What kind of issues did you hit? Doesn't sound fair to me to call Zulip an unfunny joke without providing any serious reason.
deadbeef57
·4 年前·議論
Zulip didn't just "copy [Slack] exactly". The UX is much better than Slack, in my opinion. It's faster, and it puts the conversations center stage. With Slack I always felt that I had too click too much to get to a certain thread, and then it only used < 50% of my screen to show the conversation.

Zulip > Slack, even without this new change that Slack is dumping on users.
deadbeef57
·4 年前·議論
Big fan of Zulip here. Admittedly, I haven't used Zulip in the context of a company. But I'm a happy user of

  - leanprover.zulipchat.com     (~4000 messages / week)
  - coq.zulipchat.com            (~1200 messages / week)
  - categorytheory.zulipchat.com (~600 messages / week)
as well as the quieter

  - isabelle.zulipchat.com
  - hott.zulipchat.com
For research groups, it seems to work exceedingly well. The UI is unobtrusive, and values my screen real estate. (Slack only devotes < 50% of the screen to the actual conversation. On Zulip, the list of users and threads are delegated to the margins, so that the actual messages have the center stage.)

Besides that, I find that Zulip found the Goldilocks-equilibrium with its threading model. It works really well for both synchronous and asynchronous conversations, and you can easily switch back and forth between the two within one thread.

I'm a big fan.
deadbeef57
·4 年前·議論
(I'm the Johan Commelin mentioned in the blogpost.) In fact, `lie_group` exists in mathlib, and is defined as follows:

  /-- A Lie group is a group and a smooth manifold at the same time in which
  the multiplication and inverse operations are smooth. -/
  -- See note [Design choices about smooth algebraic structures]
  @[ancestor has_smooth_mul, to_additive]
  class lie_group {𝕜 : Type*} [nontrivially_normed_field 𝕜]
    {H : Type*} [topological_space H]
    {E : Type*} [normed_add_comm_group E] [normed_space 𝕜 E] (I : model_with_corners 𝕜 E H)
    (G : Type*) [group G] [topological_space G] [charted_space H G]
    extends has_smooth_mul I G : Prop :=
  (smooth_inv : smooth I I (λ a:G, a⁻¹))
In particular, the output of Lean Chat didn't talk at all about needing a smooth inverse function.

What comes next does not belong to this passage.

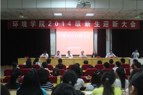 9月9日上午,环境学院于党校教室召开2014级新生迎新大会,会议由院党总支副书记谢友海主持,环境学院党总支书记包卫忠、院长周建国等党政领导以及学院教师代表共同出席了此次会议。会上,周建国院长发表了热情洋溢的迎新致辞,并鼓励同学们珍惜大学美好时光,秉承“厚德博学,止于至善”的校训,做德才兼备、全面发展的人才。教师代表王学锋教授就如何充实、高效度过四年的大学生活为主题给同学们指点迷津,并勉励同学们要树立目标,充实度过四年时光。原学院学生会主席2011级环境科学专业吕晶同学以及2014级新生彭硕同学分别作为老生、新生代表发言。

Anyway, I very much agree with you that there are risks here. At the same time, I think this can be an extremely useful tool for new users trying to get started. Because mathlib is approaching 1M lines of code, and a tool like this might help a lot in discovering parts of the library. As you say, it can already be used as some sort of snippet-engine-on-steroids.
deadbeef57
·4 年前·議論
That doesn't mean it is a proof that human have the slightest chance of understanding. It gets out of hand quickly.
deadbeef57
·4 年前·議論
Here's my guess.

Gowers wants to understand how the typical mathematician comes up with a proof. How is the proof found? Where do the ideas come from?

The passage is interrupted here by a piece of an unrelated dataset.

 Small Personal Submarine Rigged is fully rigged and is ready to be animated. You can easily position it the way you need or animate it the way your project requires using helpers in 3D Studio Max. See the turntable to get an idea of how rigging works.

To some extent, this is orthogonal to whether or not you do maths constructively. But since 99.9% of mathematicians have never heard of constructive mathematics, and just use AoC or LEM all over the place, I am quite certain that Gowers is very much interested in how to find proofs in the "ordinary" sense: including the use of AoC and LEM.
deadbeef57
·4 年前·議論
> And vice versa. For it to do so, it has to be better than the human, also have a model of how the human thinks, and then be able to break down thinking it arrived at one way to something that makes sense to the human.

This is more or less what Gowers is after. And that's exactly why he wants GOFAI instead of ML. He wants to understand how "doing mathematics" works?
deadbeef57
·4 年前·議論
Such an "AlphaZero approach" will only knock Gowers's GOFAI approach out of business if the AI can also "justify" its proofs, in the sense that Gowers explains in his blogpost. Do you think that will happen in 5 years?